Yoko Ono's radicale les voor deze oorlogstijd

Wat blijft er over van een kunstenaar als je het verhaal dat aan haar voorafgaat weglaat? In de Gropius Bau in Berlijn probeert de tentoonstelling Music of the Mind , gemaakt in samenwerking met Tate Modern, deze vraag te beantwoorden door meer dan zeventig jaar werk van Yoko Ono , een pionier van de participatieve kunst, te belichten.
Yoko Ono, geboren in Tokio in 1933 in een beschaafde en rijke familie, leefde de twintigste eeuw met de dubbele blik van iemand die tussen Oost en West leeft. Na haar verhuizing naar de Verenigde Staten in de jaren vijftig was ze een van de eerste Aziatische vrouwen die zich vestigde in de avant-gardescene van New York en werd ze een sleutelfiguur in de Fluxus -beweging, die kunst verwierp als object en als geprivilegieerd gebaar, idee en participatie. Vandaag de dag, op 91-jarige leeftijd, blijft ze onze relatie met macht, vrede en collectieve zorg ter discussie stellen.
Ono heeft veel van de meest radicale stromingen uit de tweede helft van de twintigste eeuw doorkruist en geanticipeerd: van Fluxus, om precies te zijn, tot de relationele praktijken van de jaren 90 en 2000. Voor velen is ze nog steeds slechts "John Lennons vrouw" of "de persoon die verantwoordelijk is voor het uiteenvallen van de Beatles" , hooguit een bijkomstig icoon: etiketten die verdwijnen voor het bewijs van haar werk.

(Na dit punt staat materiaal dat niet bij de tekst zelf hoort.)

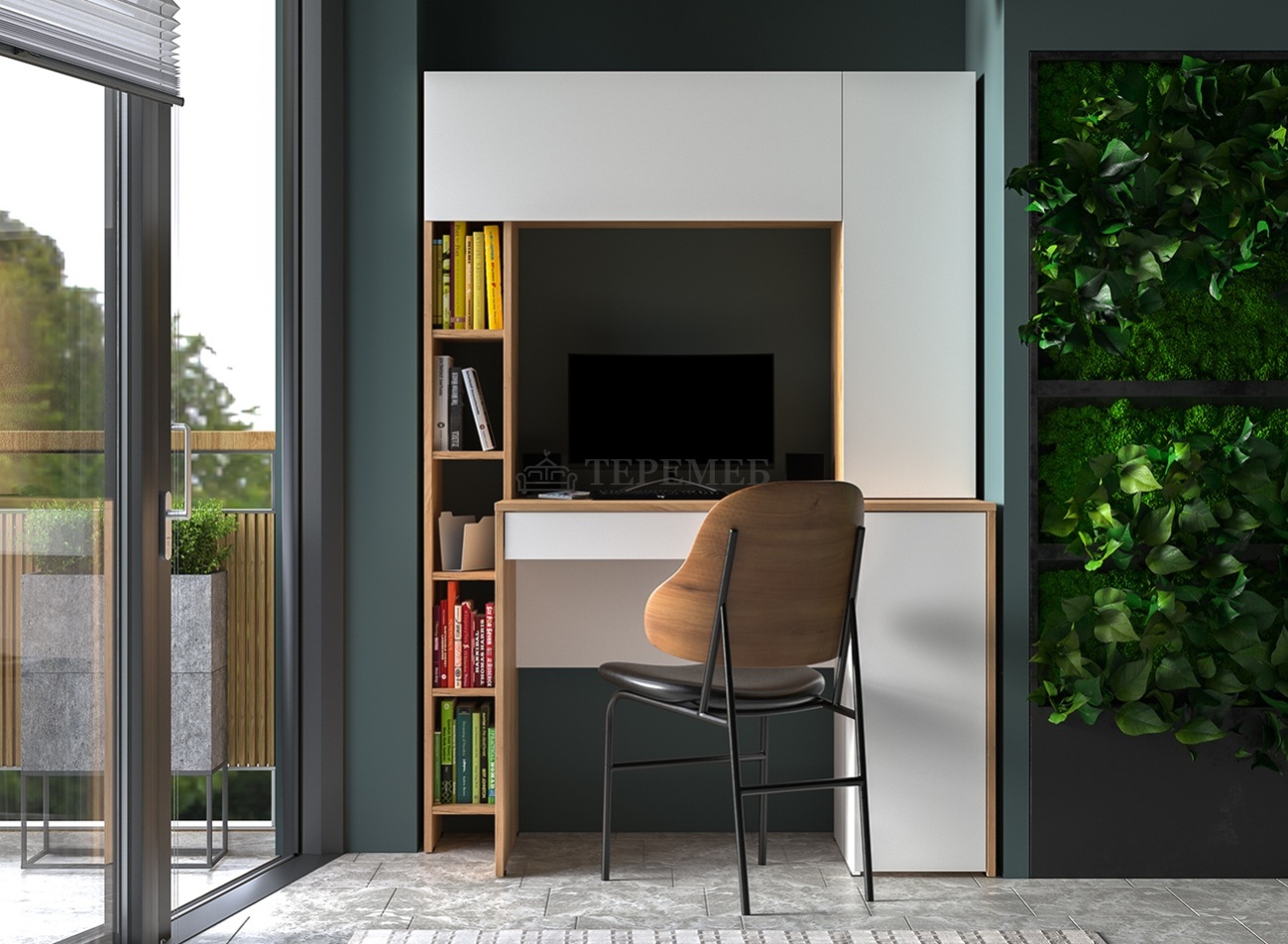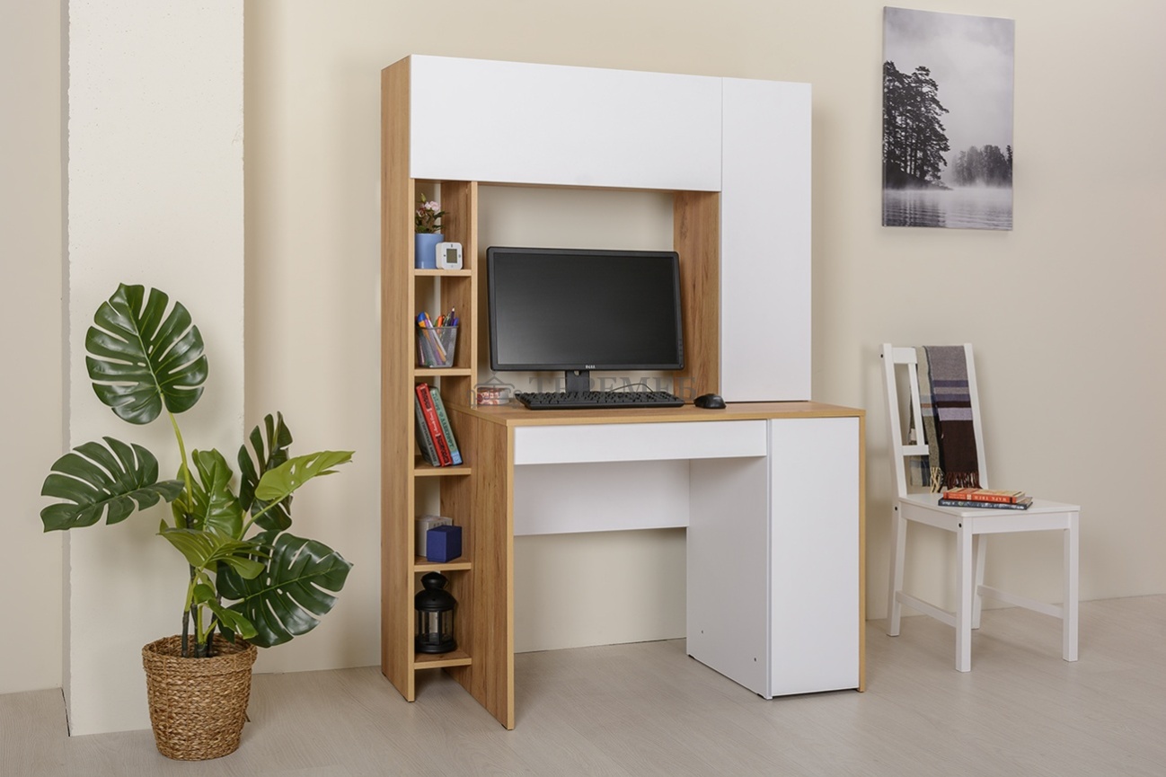 В тумбе с дверью, расположенной над столешницей, удобно разместятся учебники, рабочие тетради, дополнительная литература и т.п.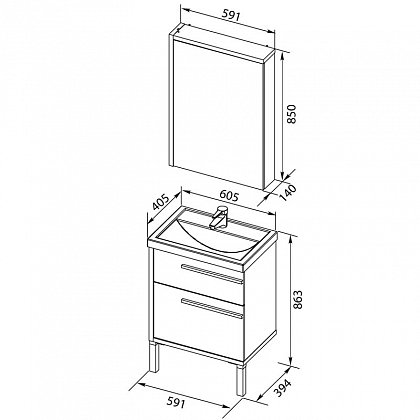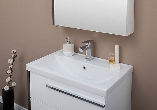 Описание: влагостойкое зеркальное полотно, шкафчик, полочка, светильник приобретается отдельно.Тумба с раковиной Фостер 60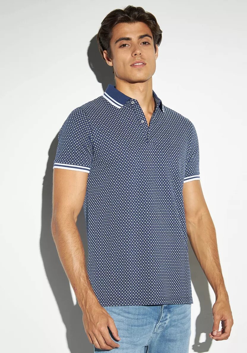 All-Over Geometric Print Polo T-shirt with Short Sleeves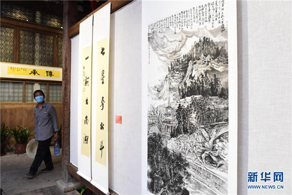“光辉百年——福建省书画名家作品邀请展”上展出的美术作品(5月15日摄)。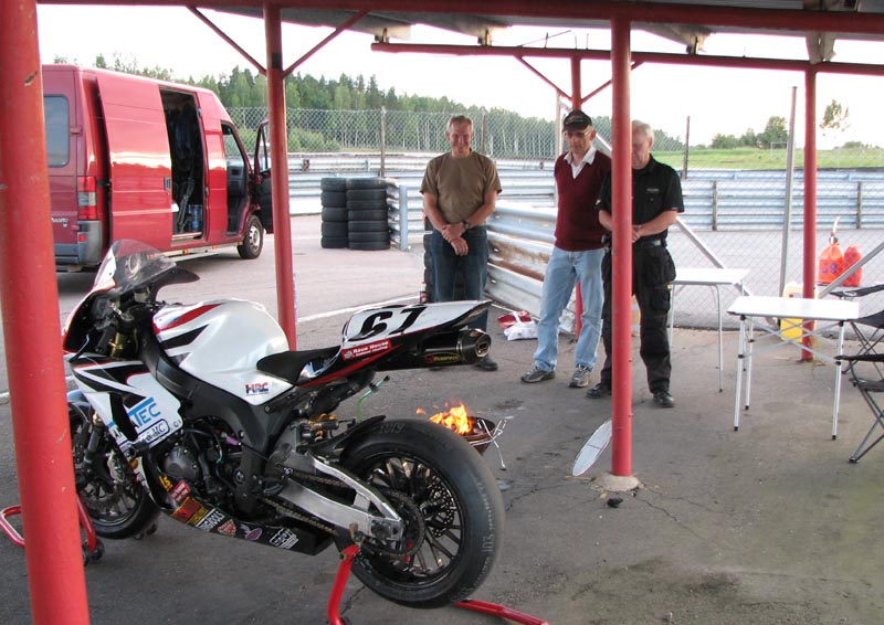 har et ekstra set dækvarmere med sig som de kan låne ud. Team #5 Fiver har et ekstra set som vi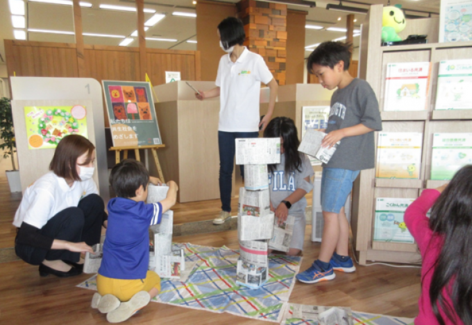 電気や水が使えない、家や避難所では限られたものでしか遊べない状況でも新聞紙や紙コップ、紙皿を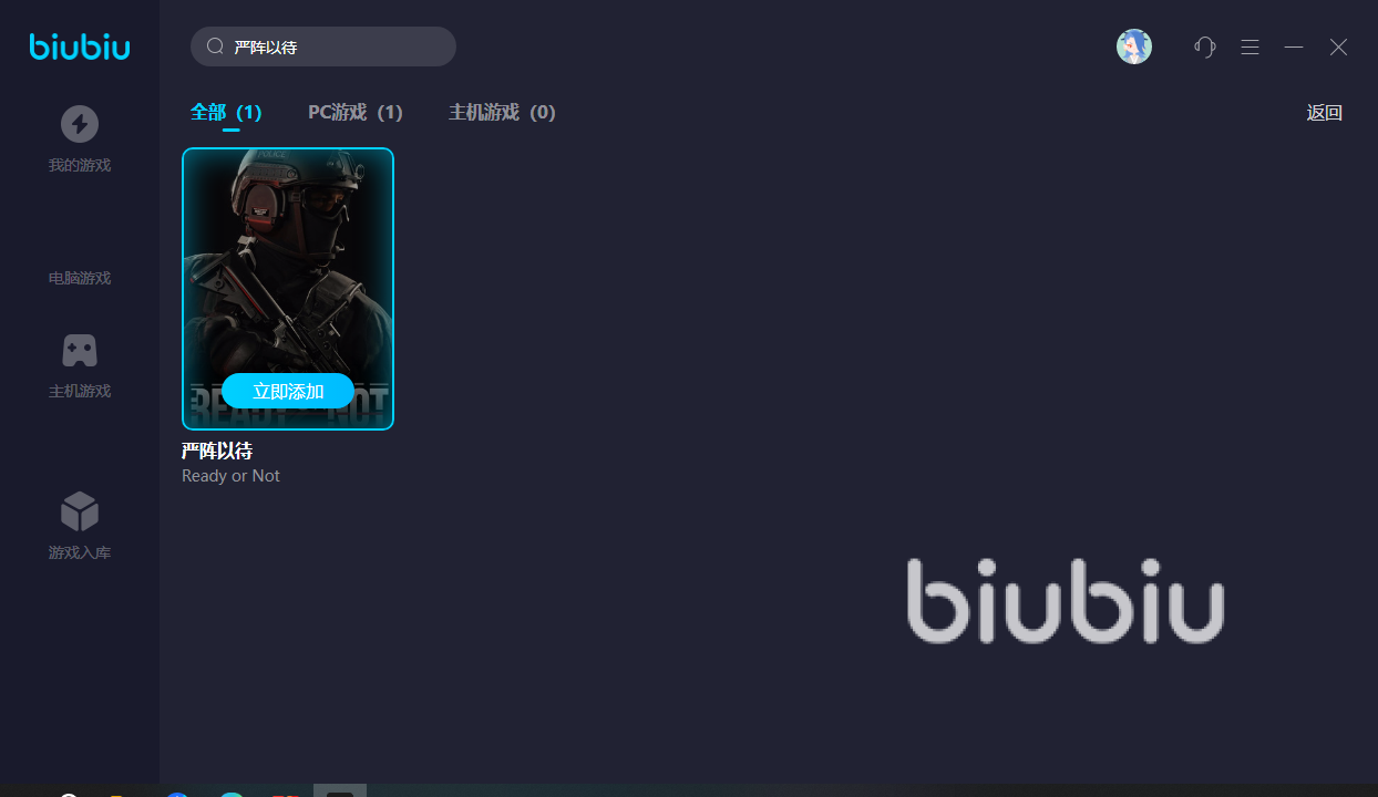 之后biubiu的操作極其簡(jiǎn)單,下載好安裝biubiu之后小伙伴們僅僅只用打開(kāi)biubiu搜索嚴(yán)陣以待游戲添加,之后在biubiu啟動(dòng)游戲就可以了,不需要先打開(kāi)嚴(yán)陣以待游戲,也不需要嚴(yán)陣以待游戲的玩家們?cè)偃ミM(jìn)行其他的操作。

Als een van de eersten die een kunsttheorie ontwikkelde die geen objecten produceert, maar collectieve ervaringen, combineert haar werk installaties, performances , video's, korte teksten en instructies om te volgen of te verbeelden. Altijd met één doel: de toeschouwer transformeren tot een protagonist, op zijn beurt een architect. Veel elementen die we vandaag de dag in de hedendaagse kunst kennen – publieksparticipatie, een oproep tot actie, de afwezigheid van een 'af' werk – komen in haar op.
Vanaf de eerste twee installaties wordt de bezoeker opgeroepen om zich te verdiepen in het heden, de gemeenschap en de verantwoordelijkheid. In het atrium van de Gropius Bau staat een poster: PEACE is POWER . Daaronder, klein maar symbolisch, nodigt de Wensboom voor Berlijn , actief sinds 1996, je uit om handgeschreven wensen op te hangen. Twee sleutelelementen komen naar voren: collectieve creatie, het verlangen naar vrede en rechtvaardigheid. Samen creëren we het werk, net als de wereld. Diezelfde geest bezielt de historische campagne War is Over! (If You Want It) , die Ono in 1969 samen met Lennon creëerde: witte posters, wensen in het zwart. Vrede is mogelijk, maar je moet er wel naar verlangen.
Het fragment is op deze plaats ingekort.